First and foremost, a k-space is a mental concept. There is no hardware in an MR machine corresponding to it. It is a platform to collect, store, and process complex data. These data represent thousands of sine and cosine waves which build the MR image.
The term k-space is mathematical. The letter ‘k’ is used by mathematicians and physicists to describe spatial frequency, for instance, in the propagation of sound, light, or, in general, electromagnetic waves.
One way of understanding the concepts and mechanisms of k-space is looking at a different physical property which, perhaps, is simpler to imagine: the collection and processing of light by a lens, as Mezrich explains in his introduction to k-space [⇒ Mezrich 1995].
The processing of the incoming light to an image by the lens determines to a great extent its resolution, size, and contrast. The light passing through the lens is bent slightly in the center, increasingly towards the edges. In a perfect lens, the light will meet in one point, the focus, and then create an inverted image (Figure 07-02).
Figure 07-02:
Image processing by a lens.
The processing of the light data by a lens is more complicated than generally thought: there is no point-to-point correspondence between points within the lens — or within a center plane in the middle of the lens — and the final image created by the lens. All points within the lens process data from all points of the original object. However, for our purposes we could imagine such a center plane as the location where processing takes place (Figure 07-03).
Figure 07-03:
Image processing by a lens with a fictitious image-processing plane.

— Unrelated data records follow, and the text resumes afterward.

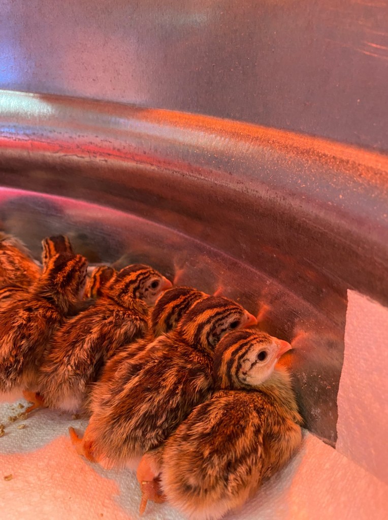 In spring of 2021, we picked up 15 keets (baby guineas) from a local farm. The keets were noticeably more “wild” than chicks. Reaching in to fill and change the food and water or change the bedding, they would quickly huddle in the opposite corner, jumping over each other to get away from us. Moving them from the brooder to the smaller temporary coop outside, it was much more difficult to catch and move them than it is chickens.
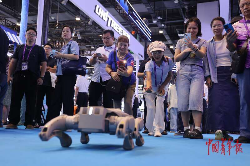 9月18日,在广西南宁举办的第22届中国-东盟博览会暨中国-东盟商务与投资峰会(以下简称“东博会”)上,展出的四足机器人吸引了众多观众。本届东博会突出“让人工智能成为办会主角、企业成为参会主体”的特点,明确以建设中国-东盟人工智能创新合作中心为切入点,推动会展数字化转型,首设人工智能专馆,一系列人工智能新技术、新设备在展会上亮相,科技感拉满。中青报·中青网记者 谢洋/摄
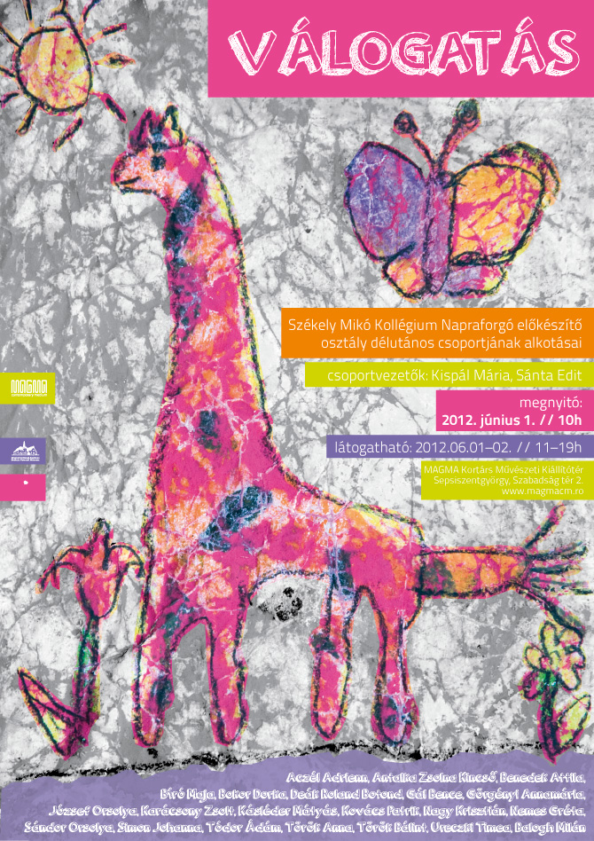 GYEREKNAP alkalmával a sepsiszentgyörgyi MAGMA Kortárs Művészeti Kiállítótér nyítja meg a Székely Mikó Kollégium Napraforgó előkészítő osztály, délutános csoportjának VÁLOGATÁS című kiállítás megnyitóját 2013. június 1-én, szombaton 10 órakor.

Visible light actually consists of different frequencies. As we have already seen in Chapter 2, a prism can make a frequency analysis. A lens is more sophisticated. We can consider it as a special filter which, depending on its characteristics, lets some or all of these frequencies pass. It accepts signals, analyses them, processes them, and creates an image; basically, it performs a Fourier transform. We have assumed that the Fourier transform is accomplished in a fictitious central plane of the lens. In front of the lens, we can set instruments performing optical functions, for instance an iris, or we can change the size of a lens (Figure 07-04).
Figure 07-04:
Increasing the size of a lens with the same focus improves image resolution because the individual image points are smaller — the same holds for k-space: larger k-space with the same field-of-view means better spatial resolution of the image.
Changing the size of the lens or an iris influences the size of our processing plane. The steeper the angle the light makes within the lens, the sharper the focus will be; the larger the lens, the better image resolution will be. The sharpness of the final image is determined by the outer parts of our 'Fourier' plane. Points in the outer regions of the plane contribute more to image resolution than points close to the center because they allow higher spatial frequencies to pass through.
Lower spatial frequencies are closer to the center. Their main responsibility is the distribution of brightness and darkness. This means that they are responsible for image contrast.